§ **What you should do**
Starting at the line below that contains "Lack of education" and ending at the line that contains "cheer Recyled glass tumbler", retype each line exactly as it stands, but omit the pictures.

§ **Records provided**
_ _ _ _ _

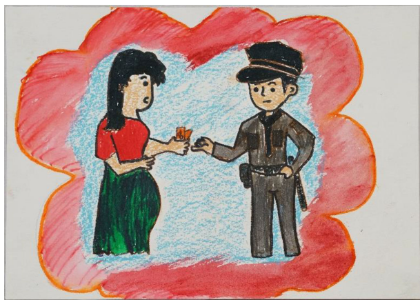
Figure 1. A drawing by the T-CAB members during a participatory visual workshop illustrating that many migrants have to spend extra money in the form of 'fees' or bribes to pass checkpoints.

Lack of education was seen as a root cause of ongoing difficulties finding stable work and providing for one's family.
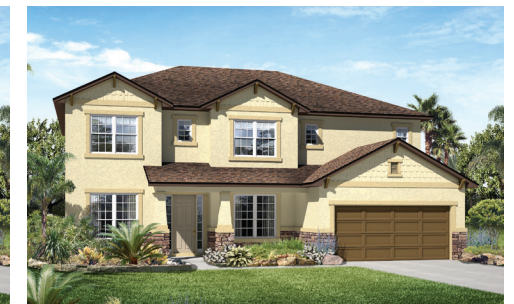
Elevation C - Shown w/ optional stone
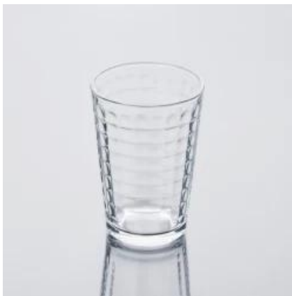
cheer Recyled glass tumbler
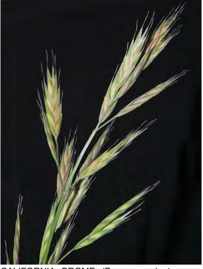
CALIFORNIA BROME (Bromus carinatus var. carinatus) Native Perennial - Grass Family - (Apr–Aug) - Coastal prairies, openings in chaparral, plains, open oak and pine woodland -Plant 20-40° tall. Flower cluster 6-16° long. Spikelet 0.8-1.6° long. Lemma 0.5-0.8° long, hairy, awn 0.3-0.6° long.
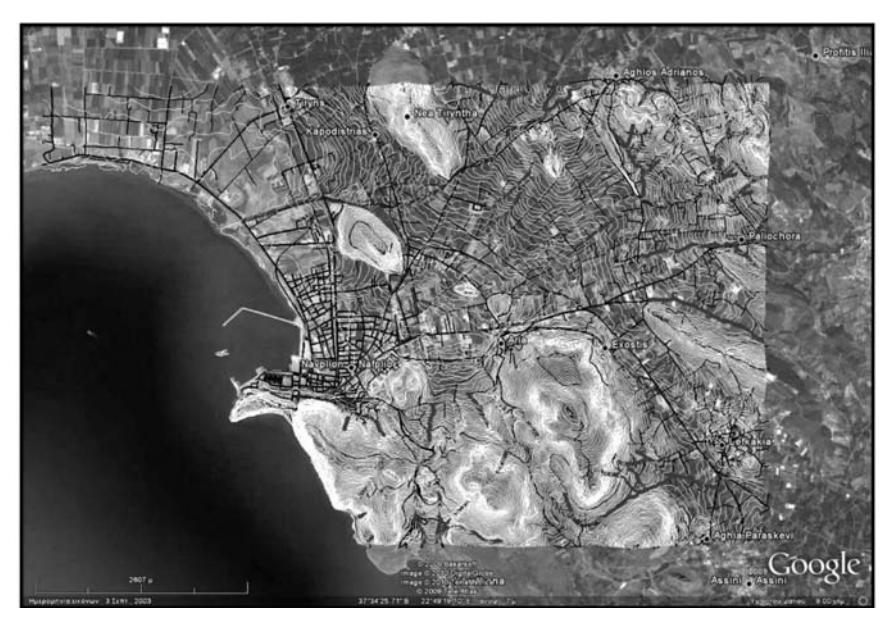
Fig. 4: Google Earth representation of topographic linear spatial features (contours, hydrological network, transportation network) from the broader area of Nafplio.

spatial measurements, and "tilting" of landscapes for enhanced 3D views. These tools are often sufficient to allow the non-GIS user to obtain specific information of interest from the data.
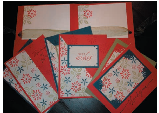
Artwork copyright 1990-2005 STAMPIN' UP!® All rights reserved
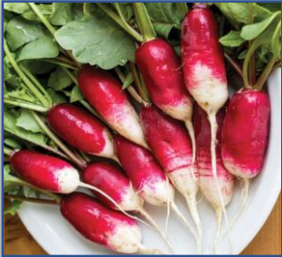
French Breakfast Apr - Jun
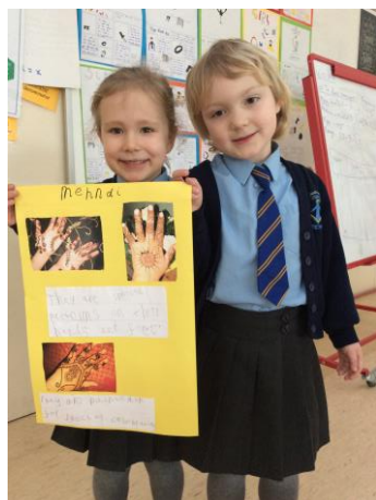
Brilliance in reception...

What brilliant week it has been at school, learning about the world's major faiths. The children have been so interested in all that they have learnt and have produced some top quality work.

_ _ _ _ _

§ **Answer to this exercise**
Lack of education was seen as a root cause of ongoing difficulties finding stable work and providing for one's family.
Elevation C - Shown w/ optional stone
cheer Recyled glass tumbler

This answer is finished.